Explore core concepts of embedded C and real-time programming with this five-question quiz designed for practitioners looking to sharpen their understanding of embedded systems, interrupts, timing, and resource management. Assess your skills in writing efficient, reliable code for real-time embedded applications.
Which scenario best justifies the use of the 'volatile' keyword in embedded C, for example, when reading the value of a hardware register modified by an interrupt?
Explanation: The volatile keyword tells the compiler that a variable may be changed unexpectedly, such as by hardware or an interrupt, so it should not optimize accesses to this variable. This is particularly important for hardware registers and shared variables in real-time systems. Optimizing a large loop may require other directives, not volatile. Constant lookup tables do not need volatile because their values never change. Declaring a variable in main memory doesn’t relate to volatile’s purpose.
Which scheduling method is most commonly used in real-time operating systems (RTOS) to ensure that high-priority interrupt-driven tasks are executed promptly?

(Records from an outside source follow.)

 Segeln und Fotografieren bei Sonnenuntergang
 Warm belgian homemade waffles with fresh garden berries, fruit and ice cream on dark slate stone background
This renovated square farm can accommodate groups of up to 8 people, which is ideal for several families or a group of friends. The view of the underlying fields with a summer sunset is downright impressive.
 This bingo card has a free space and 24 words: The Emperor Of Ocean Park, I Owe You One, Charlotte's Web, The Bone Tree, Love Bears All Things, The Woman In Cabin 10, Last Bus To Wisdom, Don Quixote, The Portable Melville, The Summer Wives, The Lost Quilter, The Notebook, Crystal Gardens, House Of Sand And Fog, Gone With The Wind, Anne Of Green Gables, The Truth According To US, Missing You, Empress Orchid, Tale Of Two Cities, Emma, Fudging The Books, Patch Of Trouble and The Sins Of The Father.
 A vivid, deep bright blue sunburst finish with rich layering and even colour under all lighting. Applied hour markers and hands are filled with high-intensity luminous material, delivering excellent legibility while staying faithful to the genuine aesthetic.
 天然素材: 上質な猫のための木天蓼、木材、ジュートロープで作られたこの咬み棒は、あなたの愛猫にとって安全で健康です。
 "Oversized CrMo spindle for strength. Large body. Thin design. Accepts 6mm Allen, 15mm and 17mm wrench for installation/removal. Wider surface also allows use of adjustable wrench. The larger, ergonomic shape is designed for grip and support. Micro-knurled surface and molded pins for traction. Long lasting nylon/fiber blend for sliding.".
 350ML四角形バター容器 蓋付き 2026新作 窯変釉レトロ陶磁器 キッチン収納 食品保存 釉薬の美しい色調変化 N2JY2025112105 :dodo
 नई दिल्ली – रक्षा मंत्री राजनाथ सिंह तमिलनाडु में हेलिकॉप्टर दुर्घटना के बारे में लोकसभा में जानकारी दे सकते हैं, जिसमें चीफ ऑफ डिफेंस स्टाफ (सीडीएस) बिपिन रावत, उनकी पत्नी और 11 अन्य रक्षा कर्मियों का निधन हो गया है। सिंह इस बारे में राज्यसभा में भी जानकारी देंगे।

Explanation: Preemptive priority-based scheduling allows higher-priority tasks to interrupt or preempt lower-priority ones, making it ideal for real-time systems that require immediate response to important events. Round-robin processing cycles through tasks equally and is less responsive to priorities. First-come, first-served is not suitable for time-critical tasks. Static cyclic scheduling executes tasks in a fixed order and may not react quickly to new high-priority events.
Why should interrupt service routines (ISRs) in embedded C be kept as short and fast as possible, such as updating only a flag variable?

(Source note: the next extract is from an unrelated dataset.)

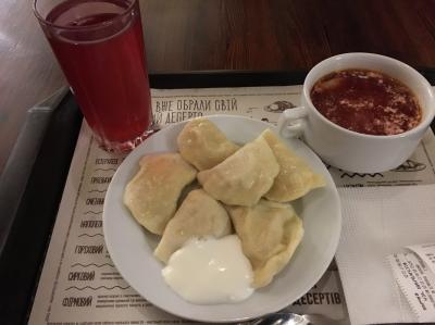 味は値段なりの学食風味なのですが、ボルシチ、ペリメニ(ピエロギ)、キエフ風カツレツなど主要なウクライナ料理があるので、気軽にウクライナ料理を楽しみたい時には良いです。

Explanation: Short ISRs minimize interrupt latency, allowing the system to respond rapidly to other interrupts and spend less time with critical code execution blocked. Increasing stack usage is undesirable in embedded systems with limited memory. ISRs are not meant for complex computations, which may cause delays. Dynamic memory allocation in ISRs is discouraged due to unpredictability and potential fragmentation.

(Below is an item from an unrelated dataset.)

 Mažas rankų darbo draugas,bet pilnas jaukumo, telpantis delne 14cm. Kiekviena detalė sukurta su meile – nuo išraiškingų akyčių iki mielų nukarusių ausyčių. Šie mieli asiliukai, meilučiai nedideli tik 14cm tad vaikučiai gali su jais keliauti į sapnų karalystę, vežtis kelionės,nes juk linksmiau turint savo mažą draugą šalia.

Which technique is often used in embedded C to protect critical sections when multiple tasks or interrupts access a shared variable, for example, a counter updated by both main and an ISR?
Explanation: Disabling and re-enabling interrupts ensures that updates to the shared variable are atomic and cannot be interrupted, preventing race conditions. Buffer overflow is a vulnerability, not a synchronization method. Inline assembly may optimize access but does not protect against concurrent modification. Declaring the variable as a pointer does not inherently provide concurrency protection.
In real-time embedded programming, what is 'jitter' when using periodic timers to trigger events like sensor sampling?
Explanation: Jitter refers to the variability in timing between scheduled timer events, which can cause irregular sampling or actuation in real-time systems. The average timer value simply refers to mean timing, not variability. Optimization usually aims to reduce, not increase, timer periods. Aliasing concerns frequency misinterpretation in analog-to-digital conversion, not event timing reliability.